The lines to print run from the top of the material below to the line with "上久木田 李央南さんを姓名の画数から五運を鑑定", inclusive; please copy them exactly, without pictures.

::: Input data

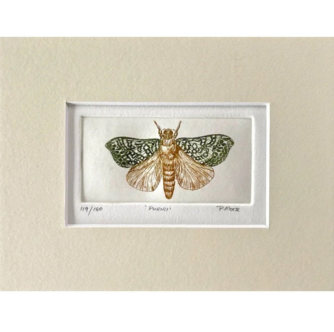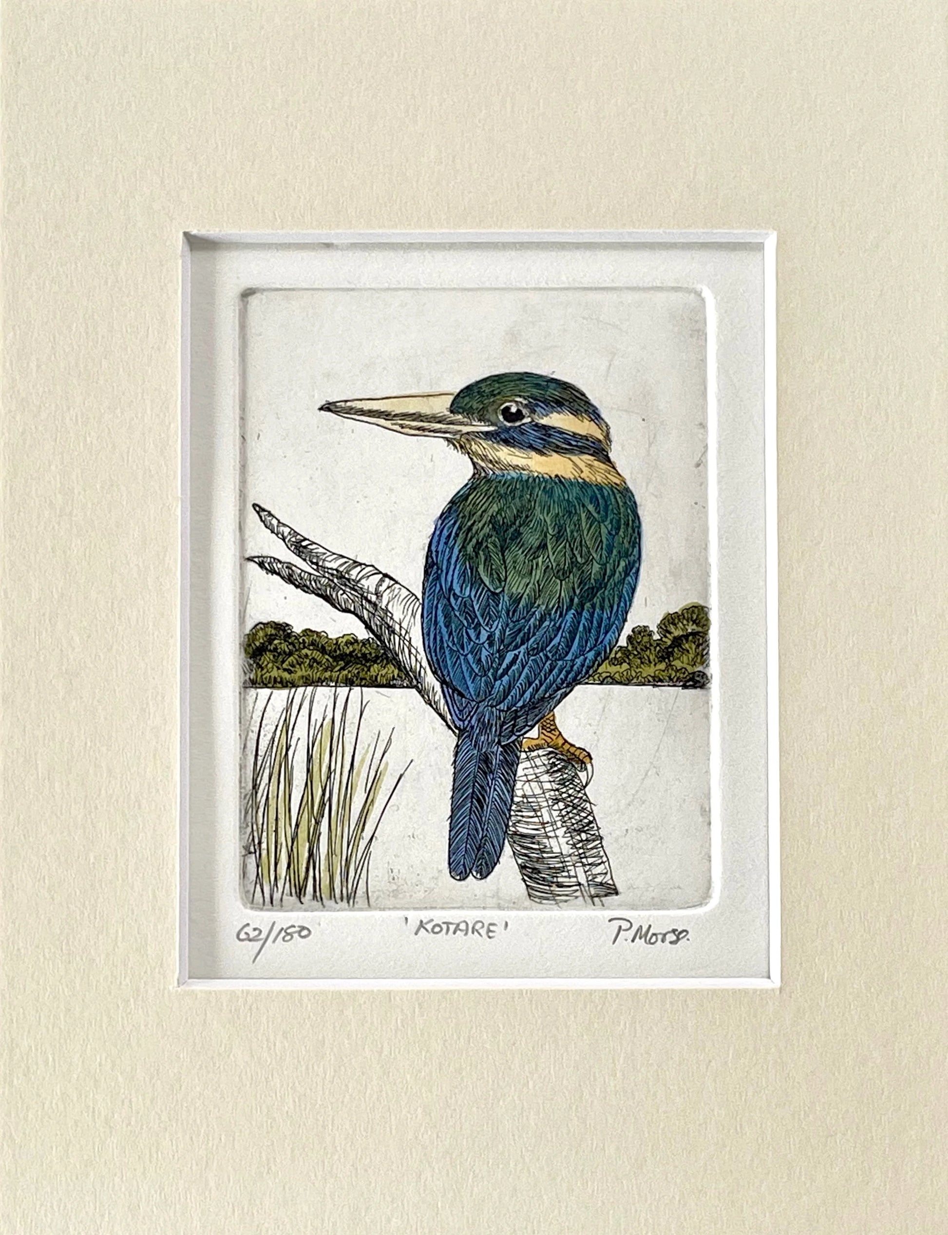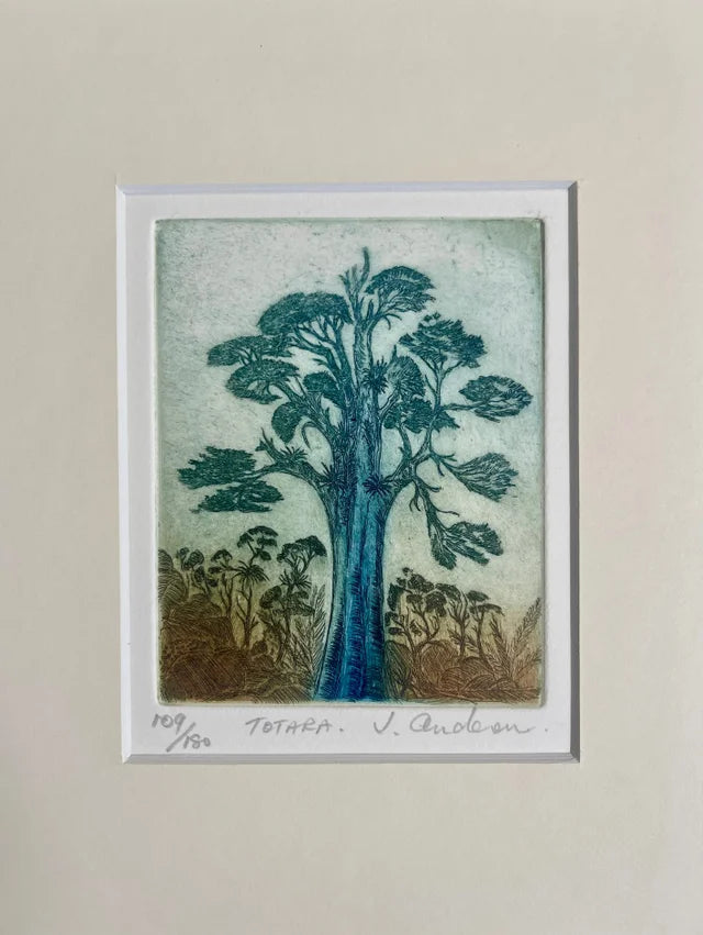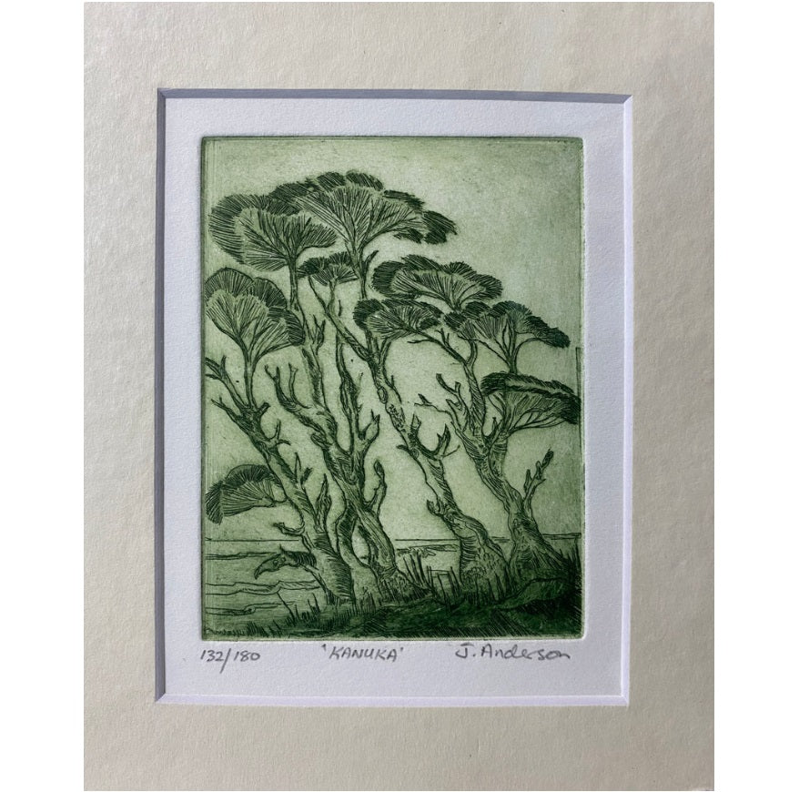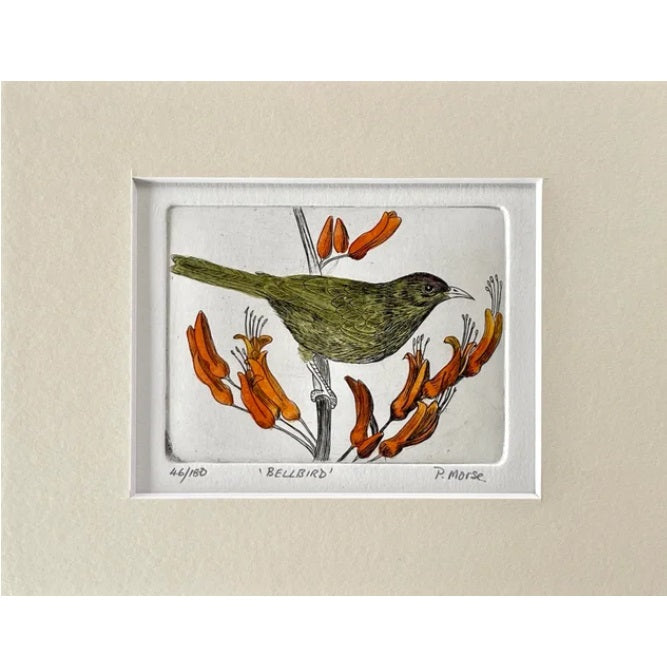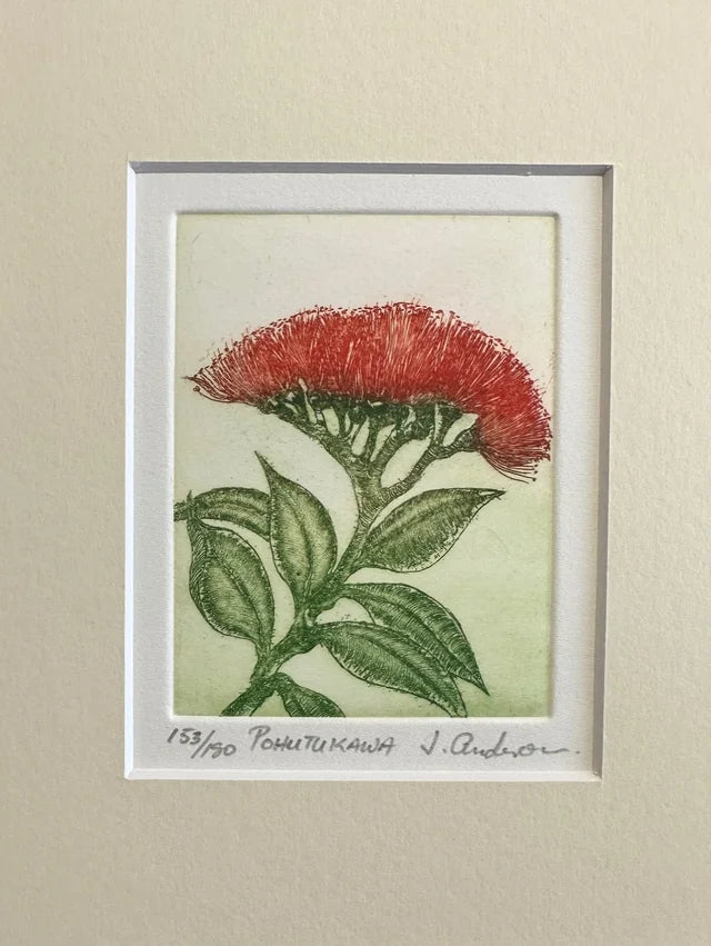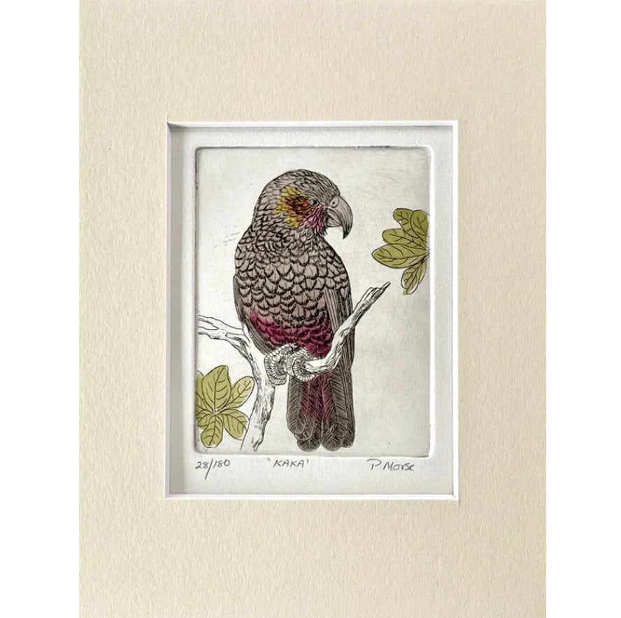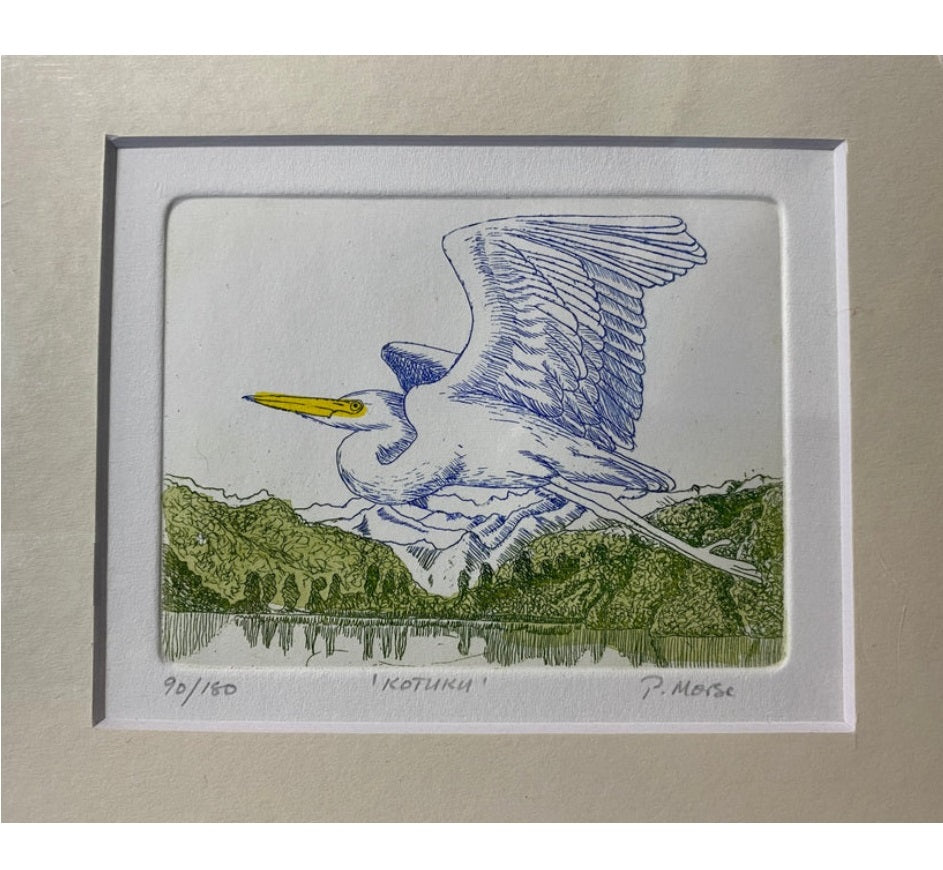Pauline Morse and John Anderson are renowned for producing etchings in the traditional way by drawing through the resin onto a copper plate and etching the image into it with acid. The plate is then finished by hand and passed through a printing press. Each print in the edition is thus a unique artwork. Their images feature iconic New Zealand birds and plants.
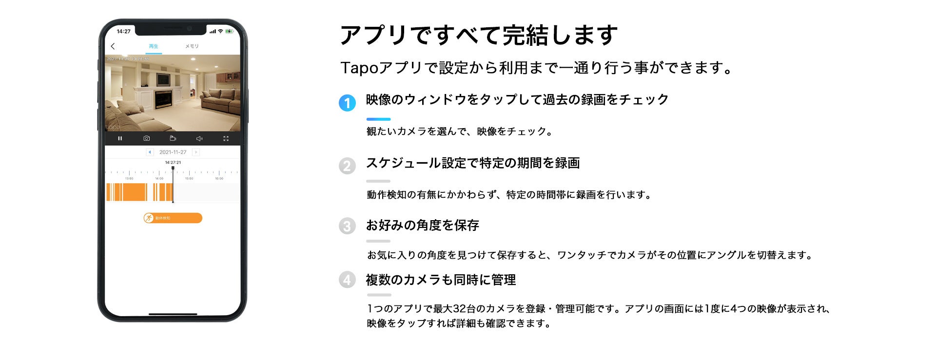 Tapoシリーズの製品は、専用の「Tapo」アプリから一括で管理することができます。カメラは最大32台の管理が可能で、1度に4台まで同時視聴できます。複数箇所にTapoカメラを設置して、お家を守りましょう。
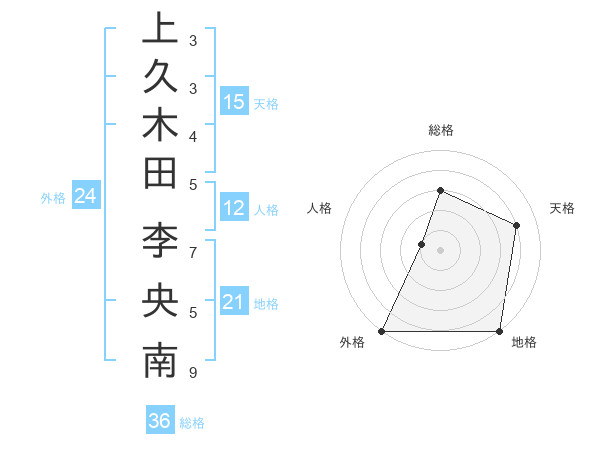 上久木田 李央南さんを姓名の画数から五運を鑑定
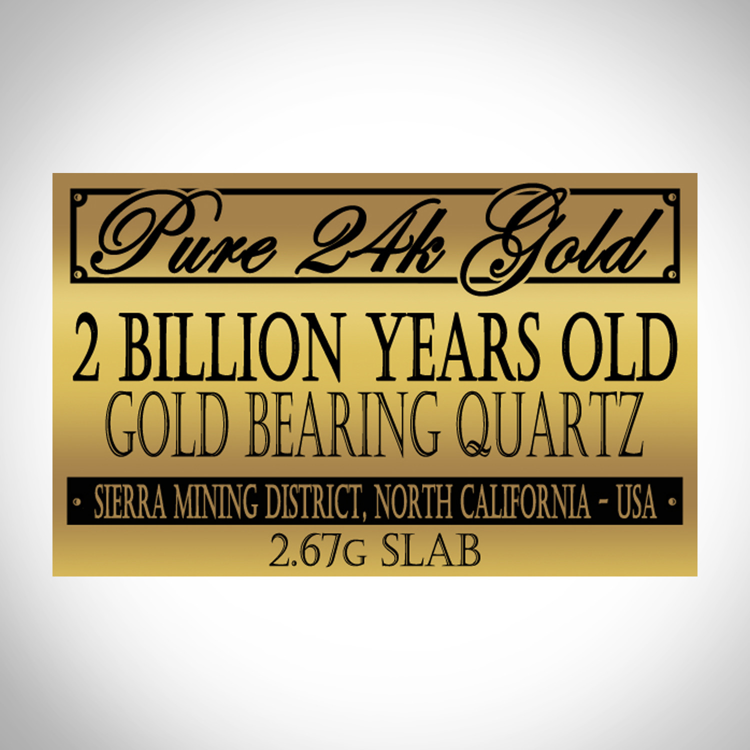This custom museum display showcases an Authentic 2.67 gram pure gold bearing quartz which was found in the Sierra Mining District of Northern California. The gold was formed in quartz deposits such as this, and only if/when erosion took place, veins of gold would break out into the rivers and form individual gold nuggets or gold flake. The gold still left in the quartz is now referred to as 'gold bearing quartz', or 'gold lode' by ol'time prospectors.

::::::

(Your solution)
Pauline Morse and John Anderson are renowned for producing etchings in the traditional way by drawing through the resin onto a copper plate and etching the image into it with acid. The plate is then finished by hand and passed through a printing press. Each print in the edition is thus a unique artwork. Their images feature iconic New Zealand birds and plants.
 Tapoシリーズの製品は、専用の「Tapo」アプリから一括で管理することができます。カメラは最大32台の管理が可能で、1度に4台まで同時視聴できます。複数箇所にTapoカメラを設置して、お家を守りましょう。
 上久木田 李央南さんを姓名の画数から五運を鑑定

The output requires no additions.